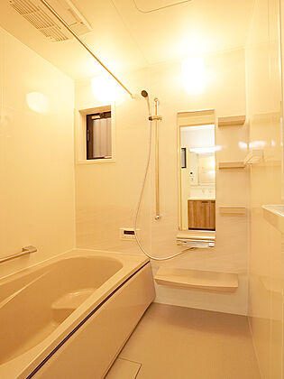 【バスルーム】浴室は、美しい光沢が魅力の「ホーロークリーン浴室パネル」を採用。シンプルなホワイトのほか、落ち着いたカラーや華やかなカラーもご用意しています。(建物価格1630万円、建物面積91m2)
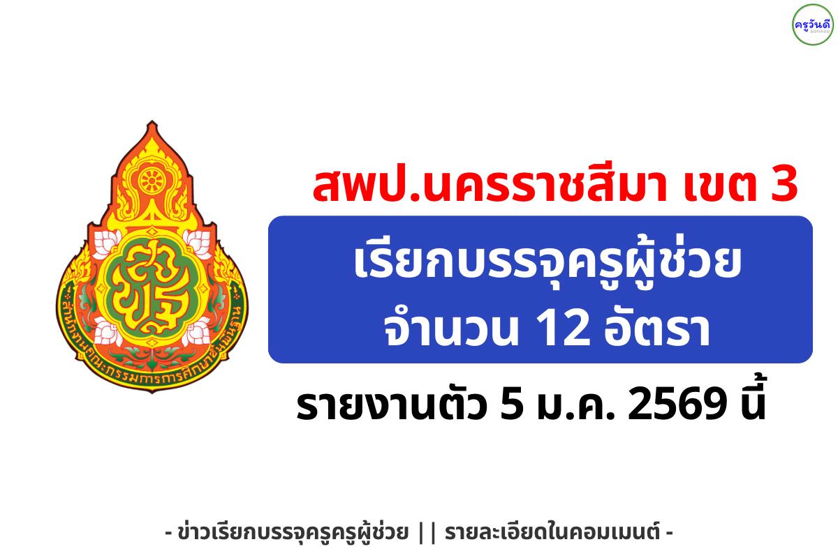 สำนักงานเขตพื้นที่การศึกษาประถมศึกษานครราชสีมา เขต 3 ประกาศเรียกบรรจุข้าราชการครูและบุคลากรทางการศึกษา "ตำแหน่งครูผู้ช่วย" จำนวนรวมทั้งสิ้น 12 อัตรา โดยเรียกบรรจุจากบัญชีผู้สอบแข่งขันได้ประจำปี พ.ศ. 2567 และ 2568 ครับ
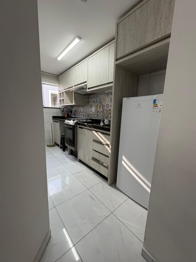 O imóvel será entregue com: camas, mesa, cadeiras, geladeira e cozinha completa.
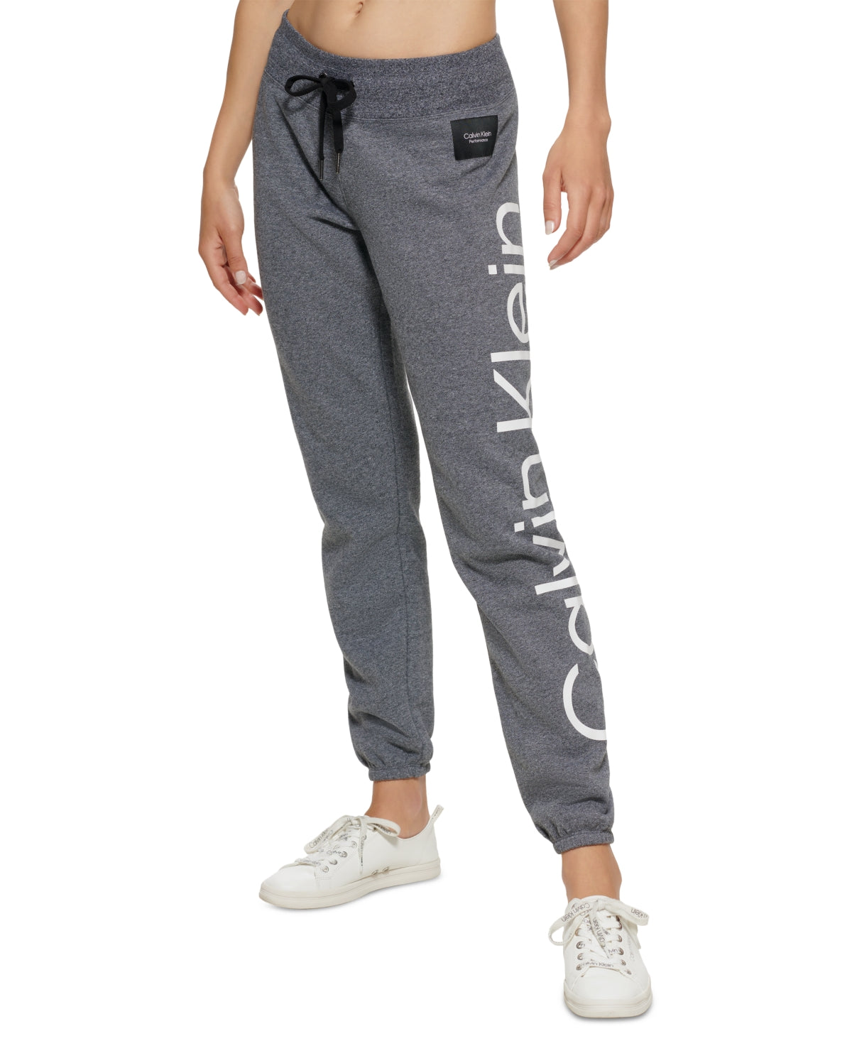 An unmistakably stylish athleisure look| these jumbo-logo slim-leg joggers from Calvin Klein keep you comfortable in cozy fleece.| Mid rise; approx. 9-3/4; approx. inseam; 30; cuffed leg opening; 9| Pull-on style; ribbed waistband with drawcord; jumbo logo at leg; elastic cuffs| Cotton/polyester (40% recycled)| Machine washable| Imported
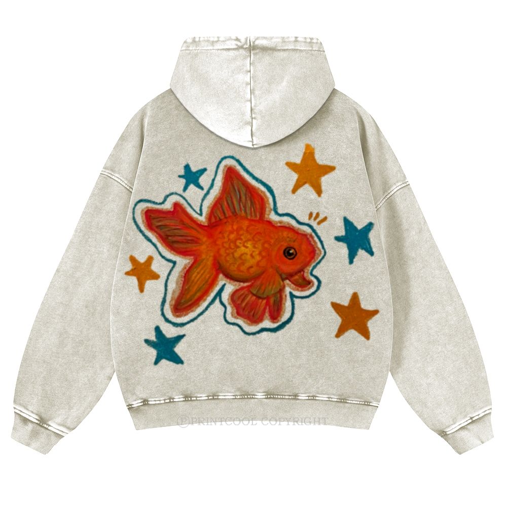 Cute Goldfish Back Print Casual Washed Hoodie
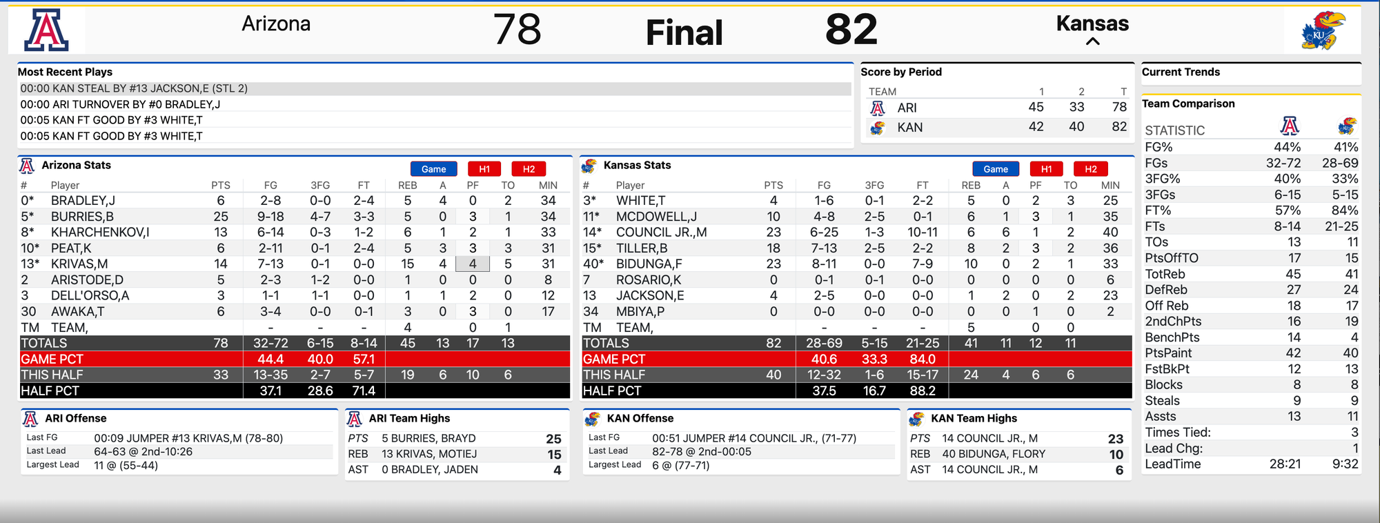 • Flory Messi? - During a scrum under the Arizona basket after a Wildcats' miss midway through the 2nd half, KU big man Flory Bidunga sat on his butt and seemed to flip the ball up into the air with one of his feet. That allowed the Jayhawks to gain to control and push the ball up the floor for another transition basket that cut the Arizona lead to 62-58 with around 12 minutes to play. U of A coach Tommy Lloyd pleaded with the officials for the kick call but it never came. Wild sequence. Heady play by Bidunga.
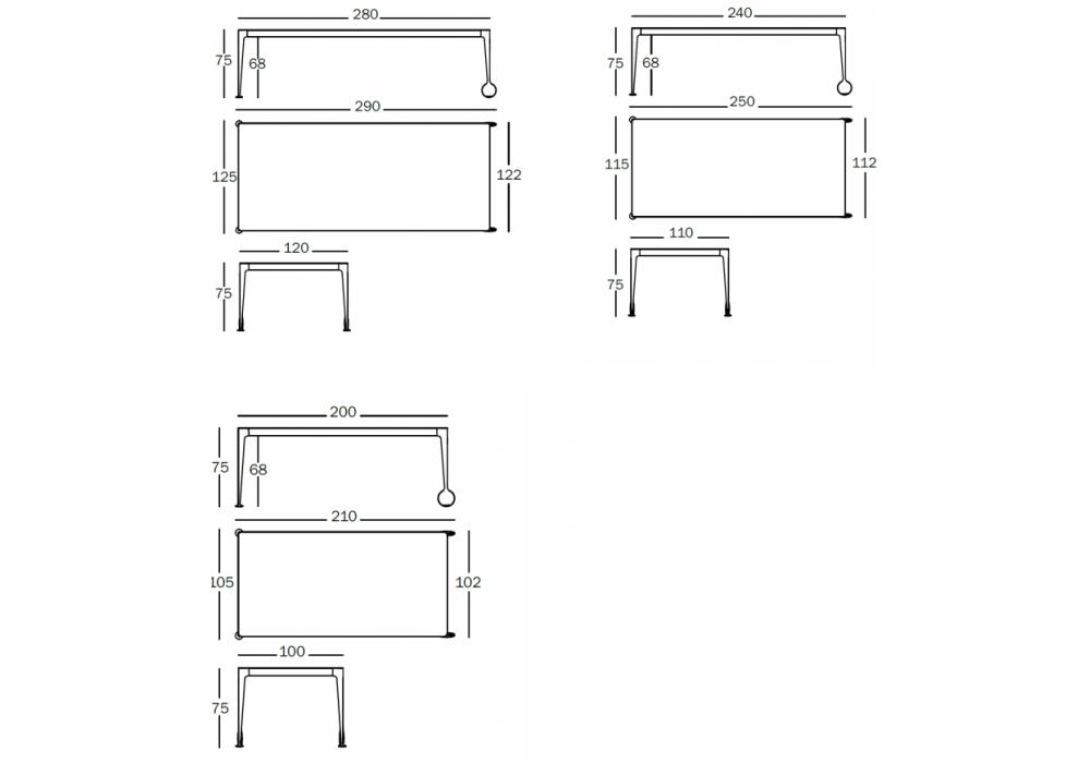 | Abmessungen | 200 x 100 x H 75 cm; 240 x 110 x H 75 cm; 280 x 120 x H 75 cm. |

--

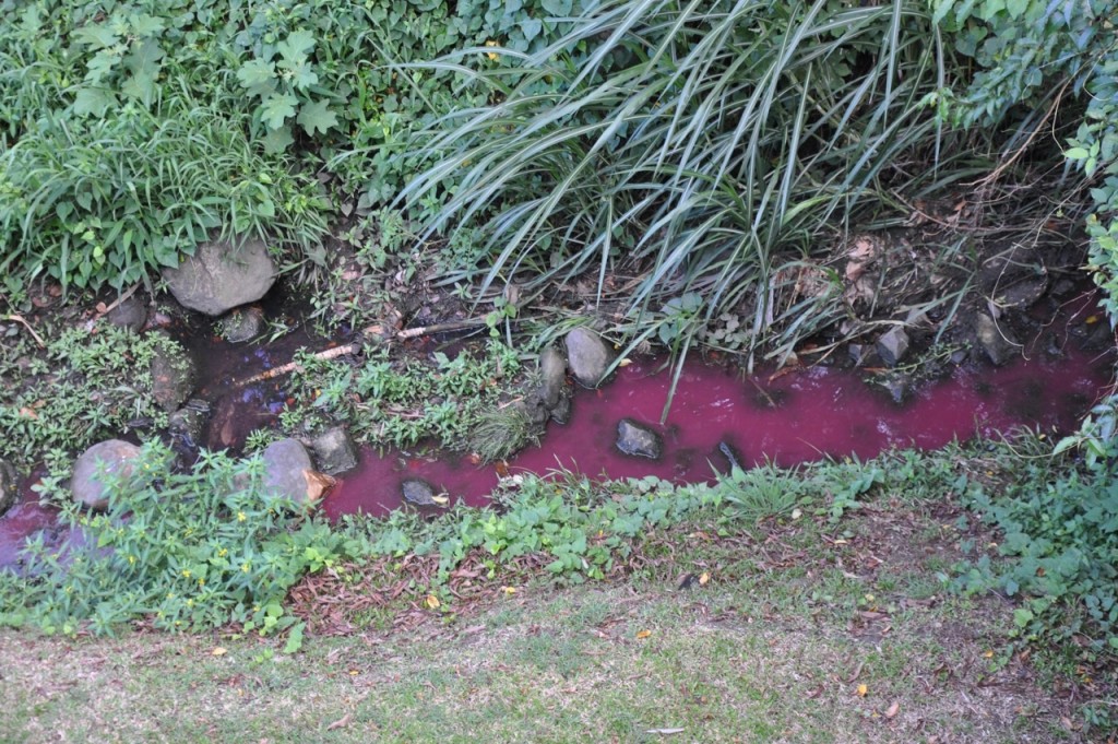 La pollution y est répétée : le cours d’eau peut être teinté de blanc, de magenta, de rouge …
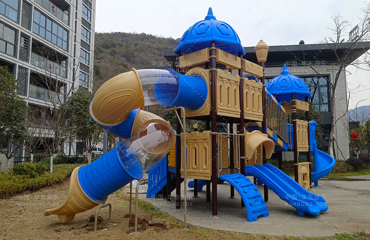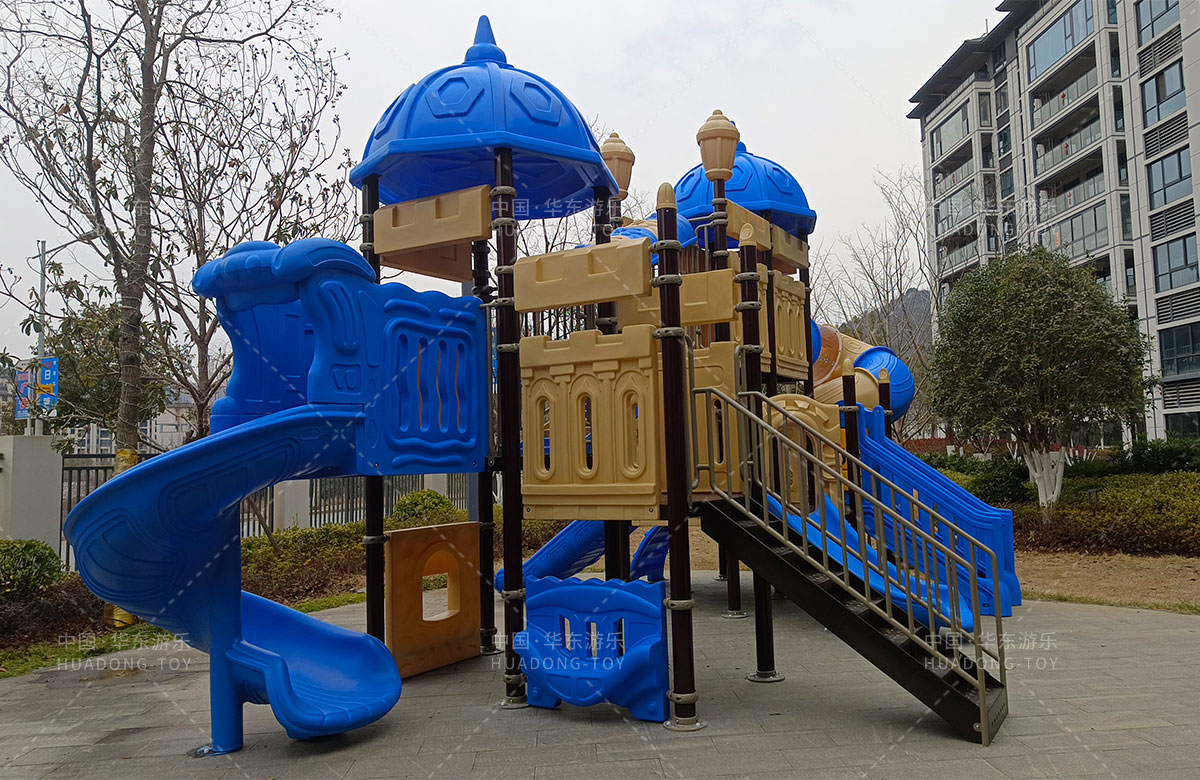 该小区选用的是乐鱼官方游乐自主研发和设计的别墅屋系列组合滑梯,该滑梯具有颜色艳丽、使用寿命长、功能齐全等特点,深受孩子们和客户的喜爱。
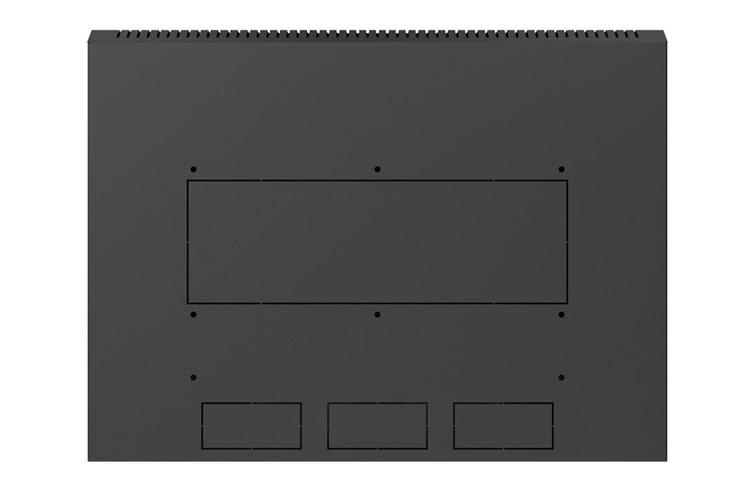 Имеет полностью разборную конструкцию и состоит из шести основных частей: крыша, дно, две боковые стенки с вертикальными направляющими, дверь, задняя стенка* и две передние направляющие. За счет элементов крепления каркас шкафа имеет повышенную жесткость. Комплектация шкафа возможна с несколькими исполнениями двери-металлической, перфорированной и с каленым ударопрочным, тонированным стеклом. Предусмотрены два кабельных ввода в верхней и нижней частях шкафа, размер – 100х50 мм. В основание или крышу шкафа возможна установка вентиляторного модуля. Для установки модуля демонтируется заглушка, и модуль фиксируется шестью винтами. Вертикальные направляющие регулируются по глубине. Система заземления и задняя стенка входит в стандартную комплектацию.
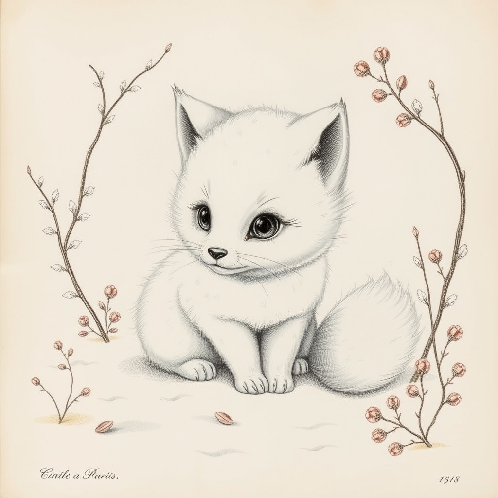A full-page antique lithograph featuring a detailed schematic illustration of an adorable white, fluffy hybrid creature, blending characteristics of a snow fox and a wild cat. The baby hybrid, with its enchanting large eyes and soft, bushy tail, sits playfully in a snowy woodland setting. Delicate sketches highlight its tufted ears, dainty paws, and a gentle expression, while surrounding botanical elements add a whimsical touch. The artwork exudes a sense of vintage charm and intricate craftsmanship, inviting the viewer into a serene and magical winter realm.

_WHAT THE TASK REQUIRES_
Copy nothing but the lines above that run from the one with "O imóvel será" to the one with "Cute Goldfish Back", ends included; pictures stay out.

_SOLVED EXERCISE_
 O imóvel será entregue com: camas, mesa, cadeiras, geladeira e cozinha completa.
 An unmistakably stylish athleisure look| these jumbo-logo slim-leg joggers from Calvin Klein keep you comfortable in cozy fleece.| Mid rise; approx. 9-3/4; approx. inseam; 30; cuffed leg opening; 9| Pull-on style; ribbed waistband with drawcord; jumbo logo at leg; elastic cuffs| Cotton/polyester (40% recycled)| Machine washable| Imported
 Cute Goldfish Back Print Casual Washed Hoodie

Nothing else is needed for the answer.